In this exercise, return the whole listing exactly, excluding any images.

(DATA PROVIDED Opens)

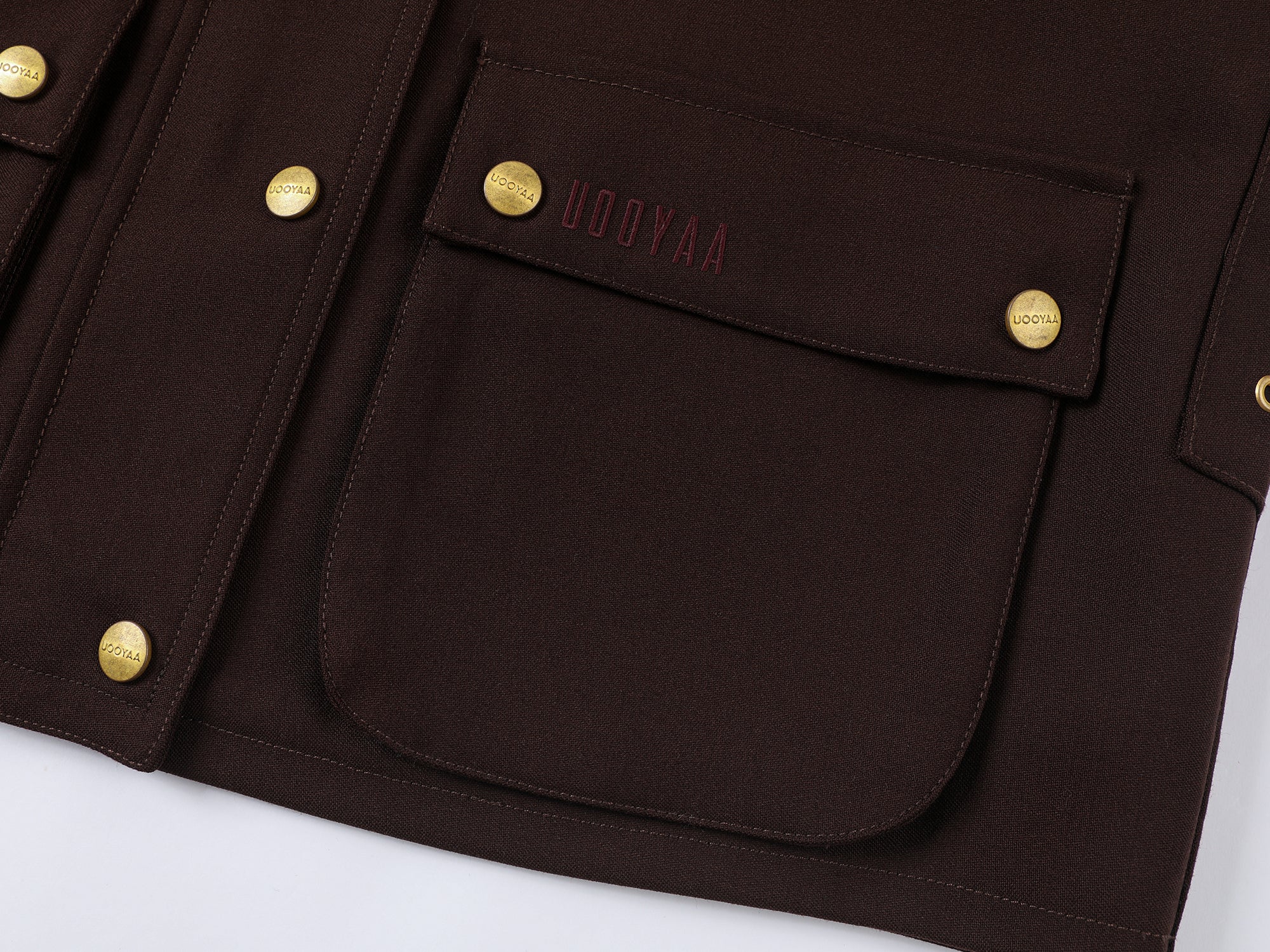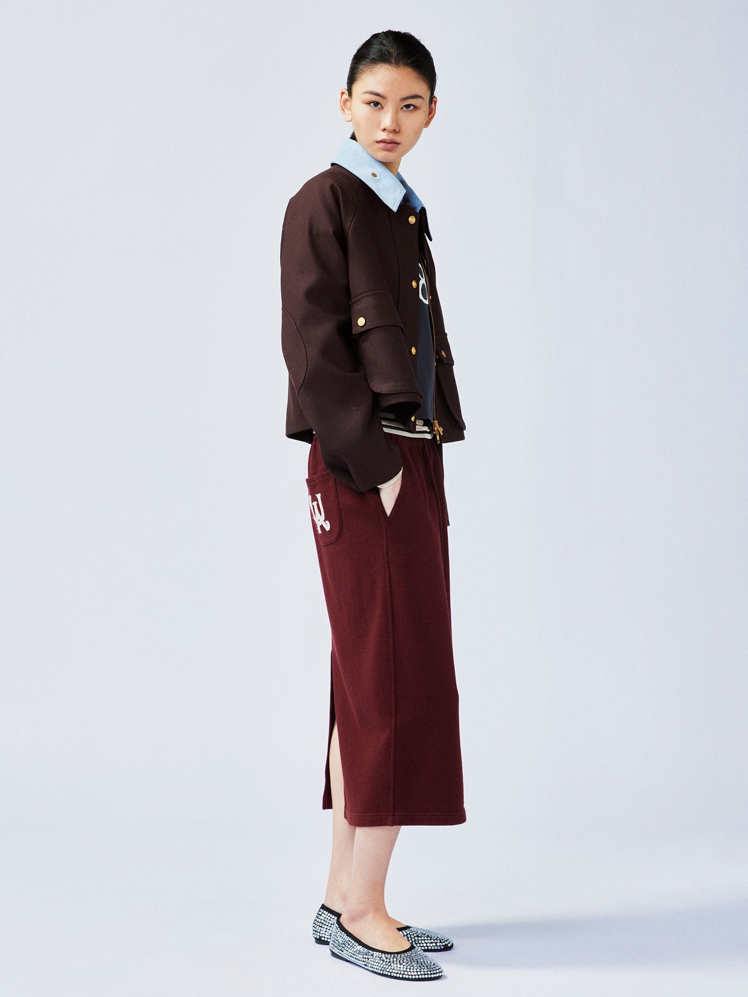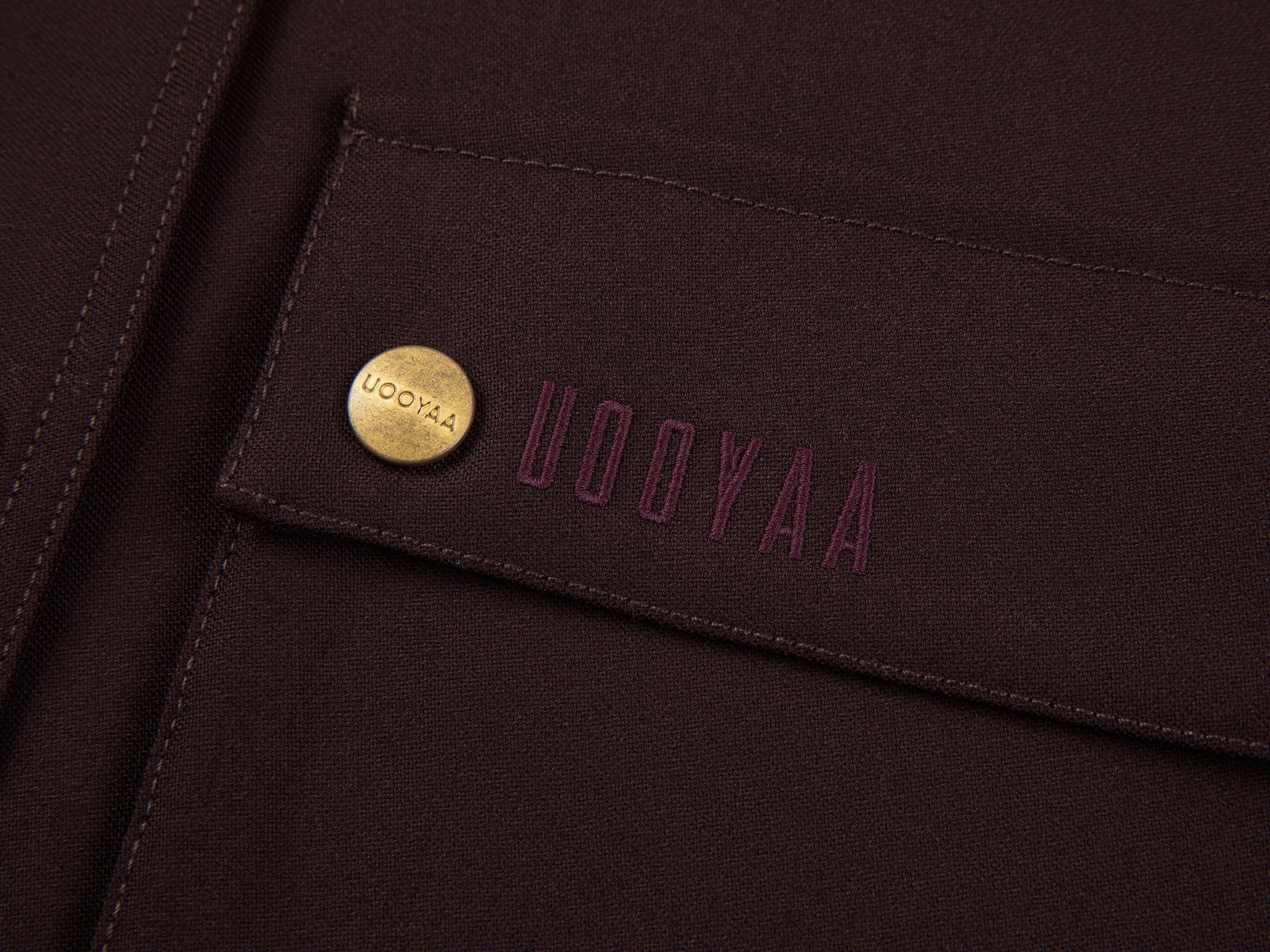 Burgundy fine wool blended with blue corduroy collar, adorned with gold buttons. A fusion of classic and youthful elements, showcasing rich layers and a high-end feel.
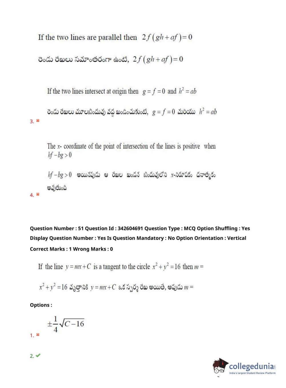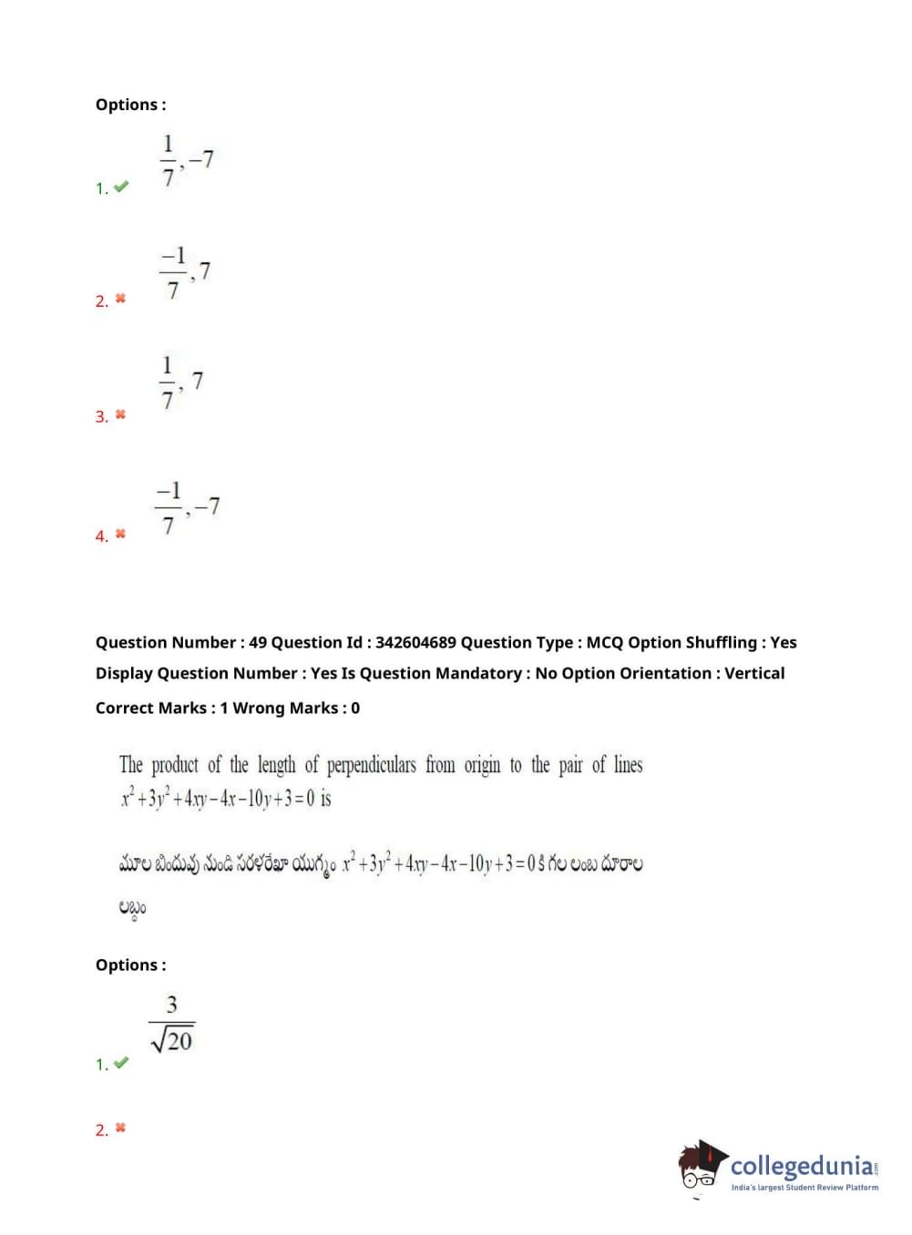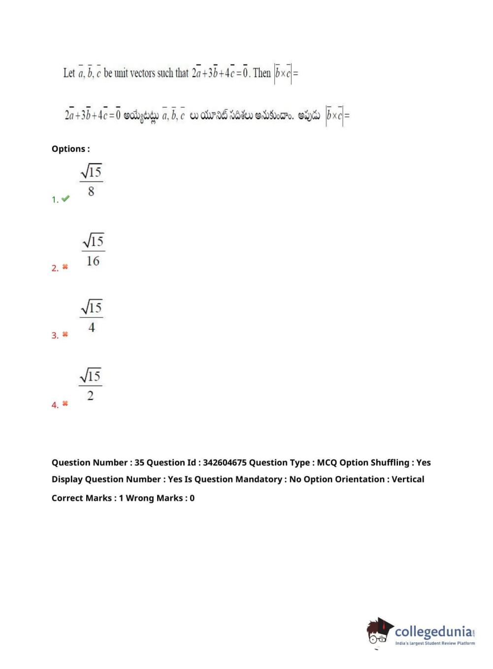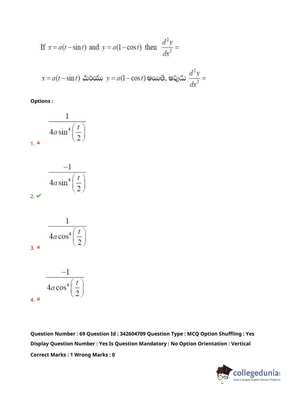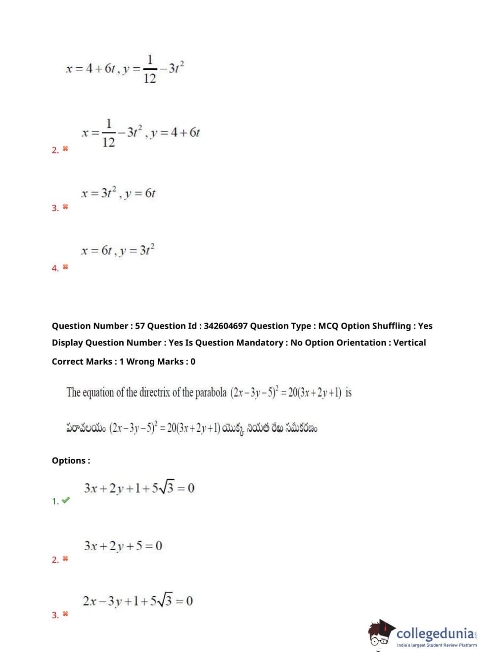 TS EAMCET 2021 Engineering Question Paper with Answer Key PDFs Afternoon Session
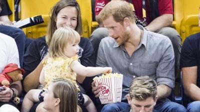 Во время трансляции баскетбольного матча Игр непобежденных в Торонто. Принц Гарри, так увлекся баскетбольным матчем, что не заметил воровства попкорна из своего пакета.
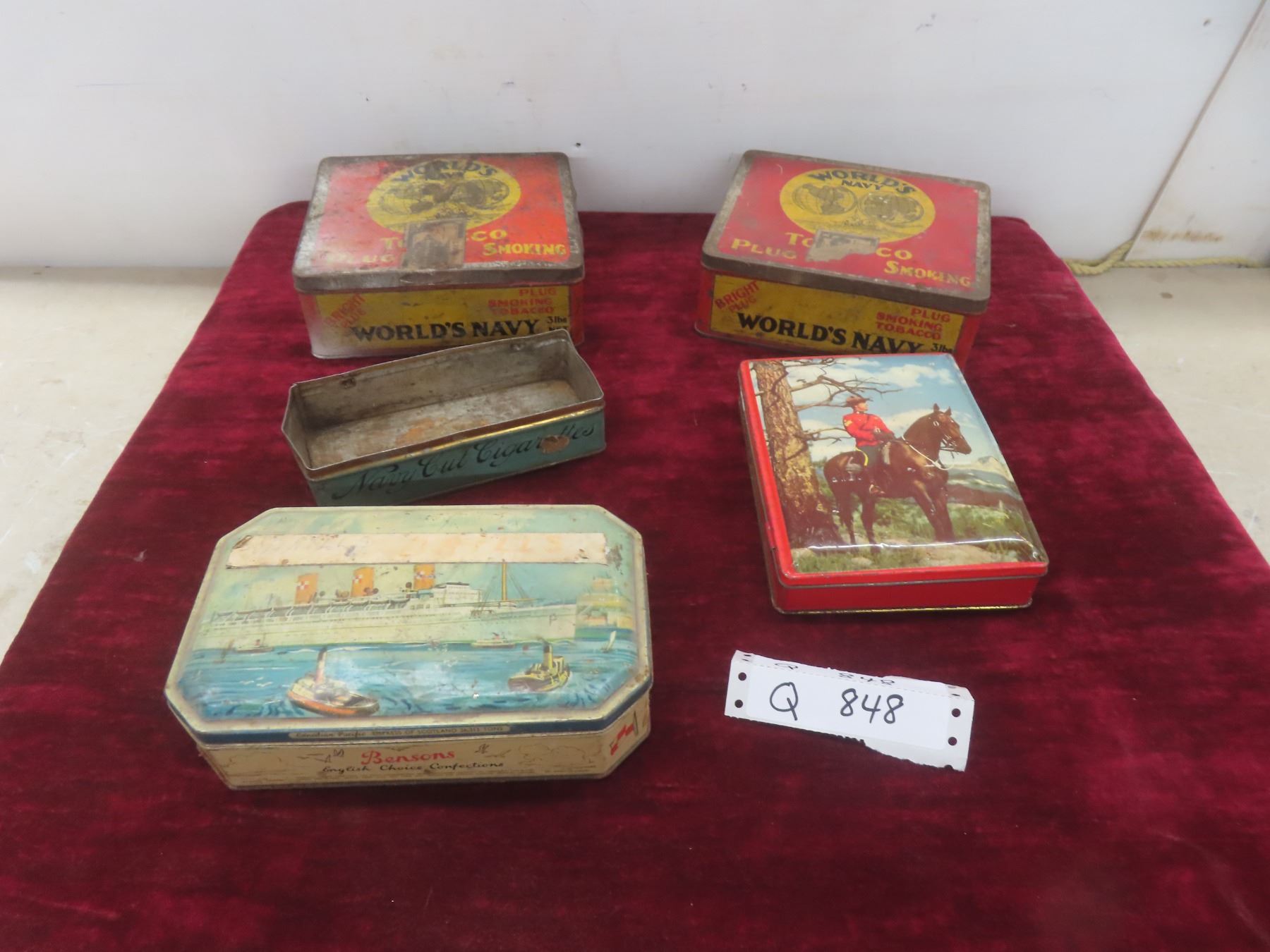 Assorted Vintage Tobacco Tins—World's Navy, Navy Cut, and Candy Tins

(DATA PROVIDED Closes)

EXERCISE OUTPUT:
 Burgundy fine wool blended with blue corduroy collar, adorned with gold buttons. A fusion of classic and youthful elements, showcasing rich layers and a high-end feel.
 TS EAMCET 2021 Engineering Question Paper with Answer Key PDFs Afternoon Session
 Во время трансляции баскетбольного матча Игр непобежденных в Торонто. Принц Гарри, так увлекся баскетбольным матчем, что не заметил воровства попкорна из своего пакета.
 Assorted Vintage Tobacco Tins—World's Navy, Navy Cut, and Candy Tins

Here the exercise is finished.